You signed in with another tab or window. Reload to refresh your session.You signed out in another tab or window. Reload to refresh your session.You switched accounts on another tab or window. Reload to refresh your session.Dismiss alert
Five distinct bugs found while debugging a healthy lab device that the
AI plugin kept (loudly) reporting as broken. Each layer compounded the
next, producing a high-confidence "restart_fula" recommendation when
the device was actually fine.
1. diag/internet false "discovery unreachable" (HTTP 403 misclassified)
_helpers.py:https_head returned ok=False for HTTP 403, treating a
"server responded — you can't HEAD this resource" answer as a
network failure. discovery.fula.network's /relays only accepts
POST; HEAD legitimately returns 403, yet the server is alive and
the network path is fine. Lab ground truth: TLS handshake OK,
ping 3ms, HTTP 403 — REACHABLE.
Fix: new https_reachable() that returns ok=True on ANY HTTP
response (2xx/3xx/4xx/5xx).

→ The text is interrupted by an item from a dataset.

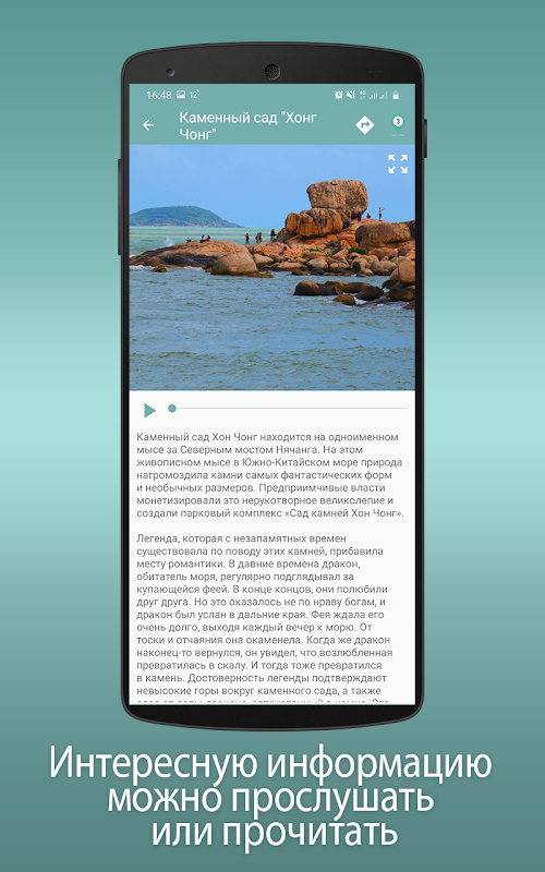 Muat turun peta terlebih dahulu untuk menggunakan aplikasi luar talian, atau pilih salah satu laluan yang dicadangkan dan pergi untuk meneroka bandar. Main balik rakaman akan bermula sebaik sahaja anda mendapat dekat dengan titik minat. Hentikan rakaman pada bila-bila masa atau dengar lagi. Jalan anda akan bermaklumat dan menarik! Kini bandar Nha Trang akan membuka rahsia untuk anda.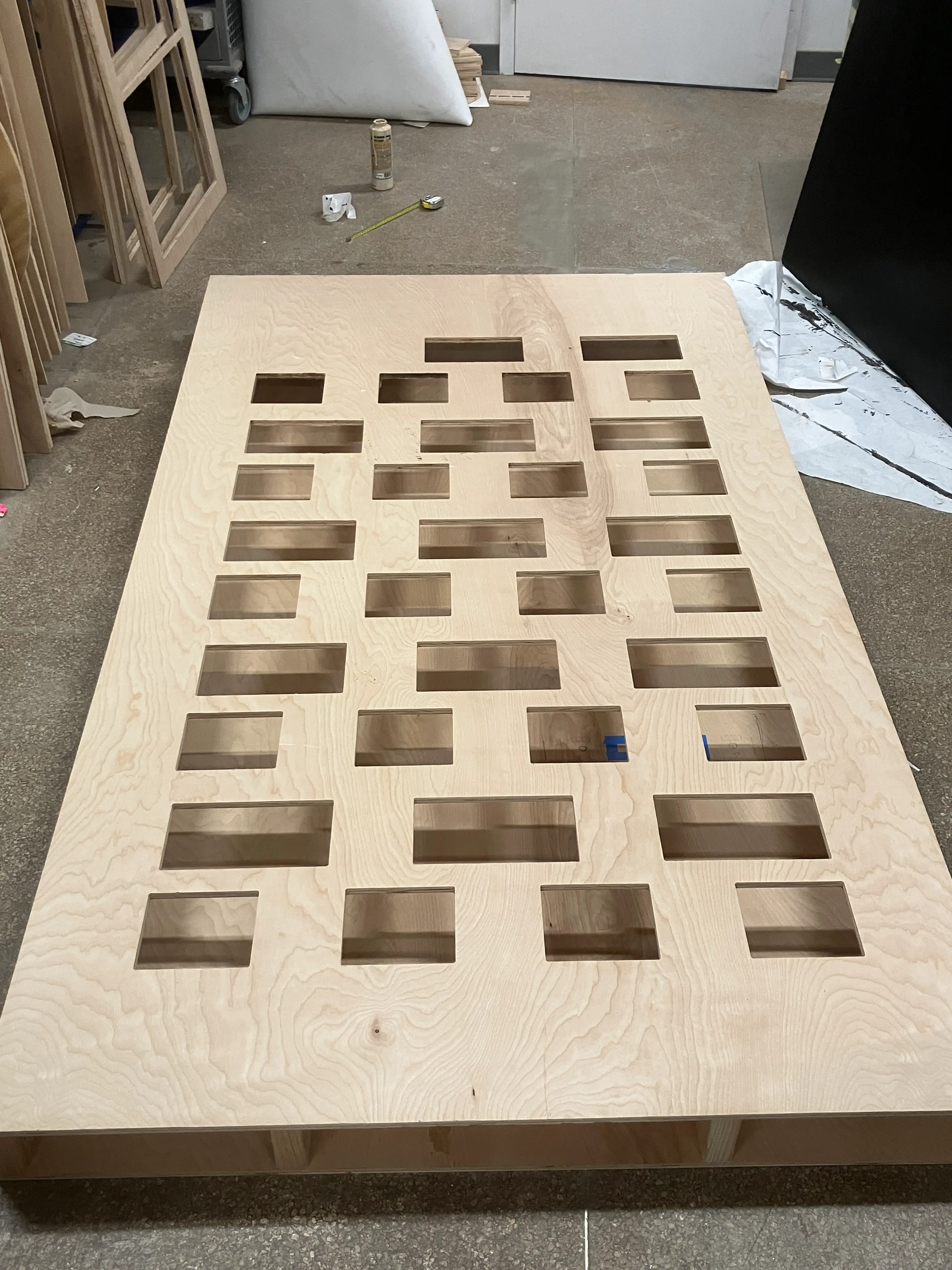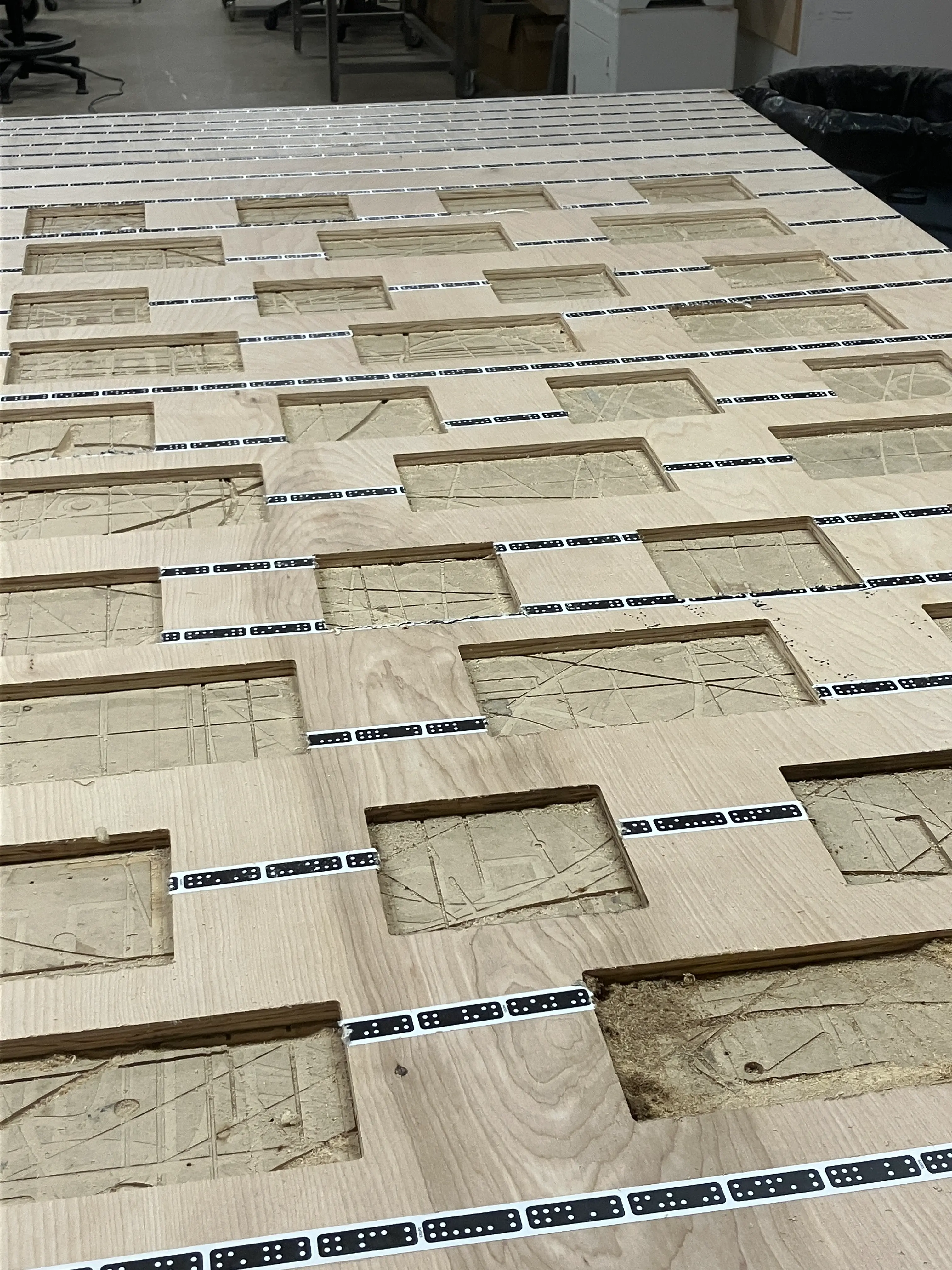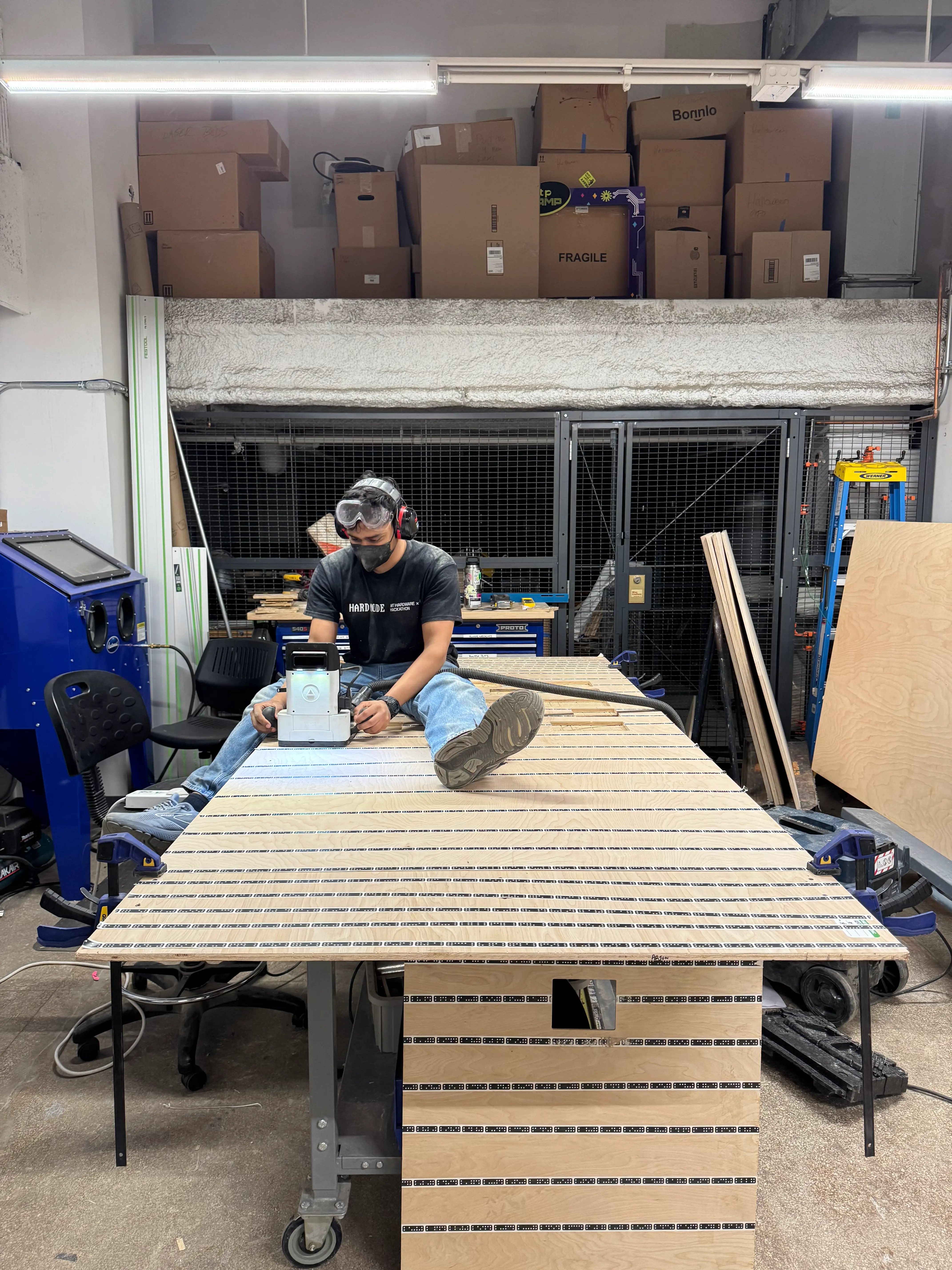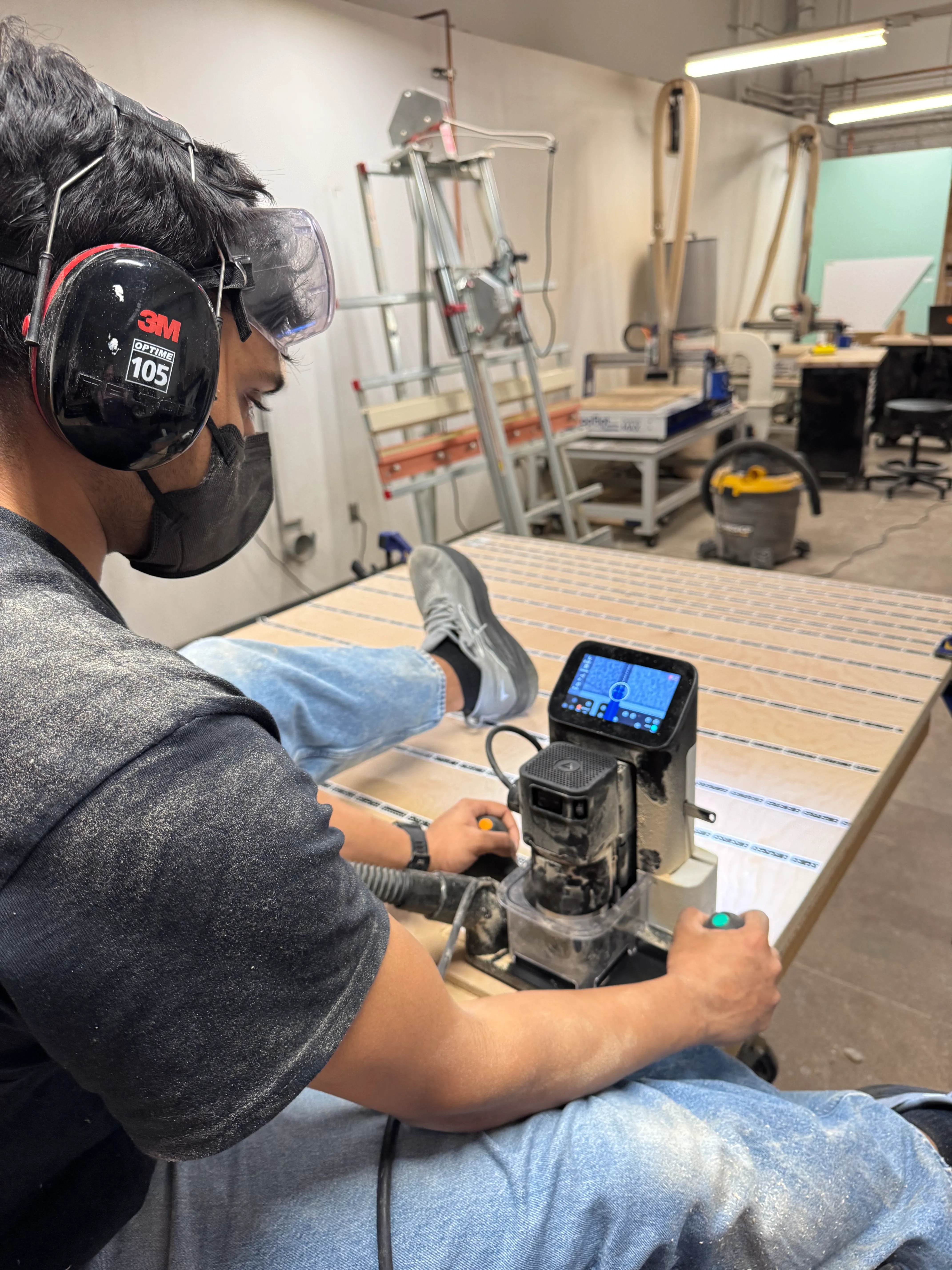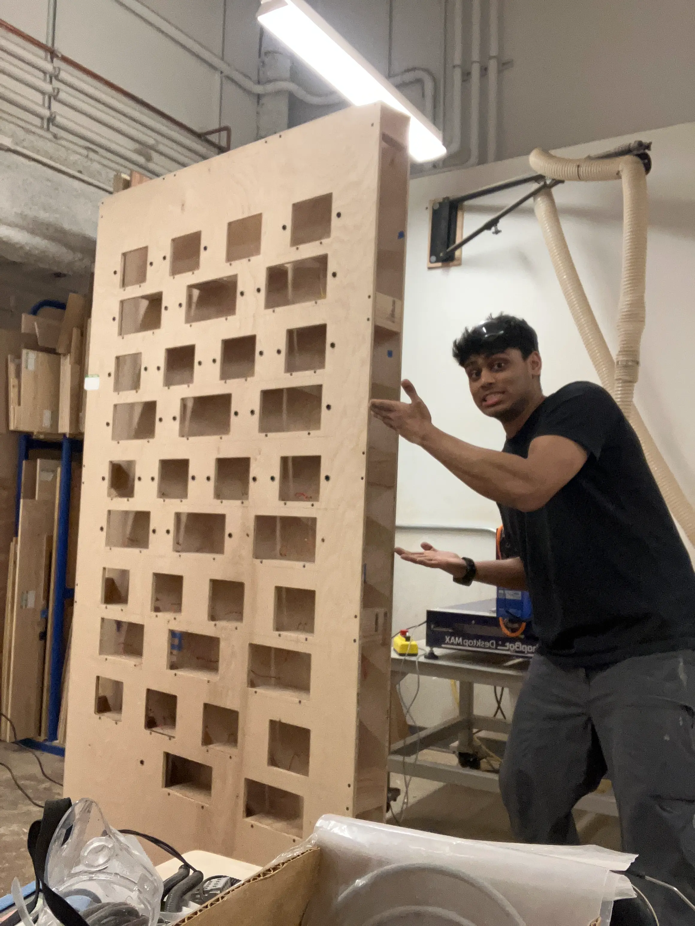 audrey helped me cut my 8x4ft panels to 7x4ft. she suggested to use the shaper to cut the breadboard-cut-outs, but i was under-confident; booked an office-hour with ian cox. phil helped me understand the shaper, and audrey kindly helped me set it up.

Only network-level failures (DNS,
TCP, TLS, timeout) count as unreachable. diag/internet now uses
https_reachable for the discovery probe; https_head retained for
google.com (the "internet itself works" canary). Regression test
test_internet_discovery_403_is_reachable_not_captive guards
against re-introducing the bug.
2. diag/summary's power threshold turned 1 yellow event into nuclear red
summary.py had `red if ue > 0 else green` — a single transient
undervoltage event flipped power to red and dominated the AI's
verdict. Graduated thresholds: 0=green, 1-2=yellow (acknowledge
but don't panic), 3+=red (real PSU issue).
3. Schema-invalid backend event killed the entire stream
tool_call_loop.py returned on first validation failure, so when
the 1.5B Qwen hallucinated a tool name (e.g. "diag/discovery"),
the user's session bombed with [SCHEMA_VIOLATION] and no
recommendations rendered.
Fix: invalid tool_call now yields a recoverable error event +
synthesizes a tool_result with ok=false + "unknown tool 'X'"
message, so the model can self-correct on its next turn AND
the UI keeps the session alive. Other invalid events yield a
non-fatal error and the bridge continues. Regression tests:
test_schema_invalid_tool_call_yields_synthetic_tool_result +
updated test_schema_invalid_backend_event_emits_synthetic_error.
4. System prompt let the model pre-confabulate + invent action names
rkllm_runtime.py SYSTEM_PROMPT_TEMPLATE strengthened with three
new hard rules:
- Rule 5: ANY action MUST be in a <recommendation> XML block,
never markdown prose (prose has no Approve button).
- Rule 6: Read tool_response field by field — quote the actual
field name. Don't confuse internet.latency_ms_avg with a
clock offset (lab observed).
- Rule 8: If user reports a symptom but diagnostics CONTRADICT
it (e.g. user says disconnected but heartbeat.status=green
http_status=200), ASK via <user_question> before acting.
- Rule 9: NEVER emit a tier-2/3 destructive action at confidence
> 0.7 when severity != "red".
- Rule 10: relay.reservation_count=0 + wireguard.active=false
are NOT problems on their own (normal for LAN-only devices).
Plus BAD/GOOD examples showing what NOT to do.
5. Server-side guardrails for when the model ignores rules 8/9 anyway
1.5B Qwen still pattern-matches "user said disconnected + relay
yellow → restart_fula at 95%" even with strengthened prompt.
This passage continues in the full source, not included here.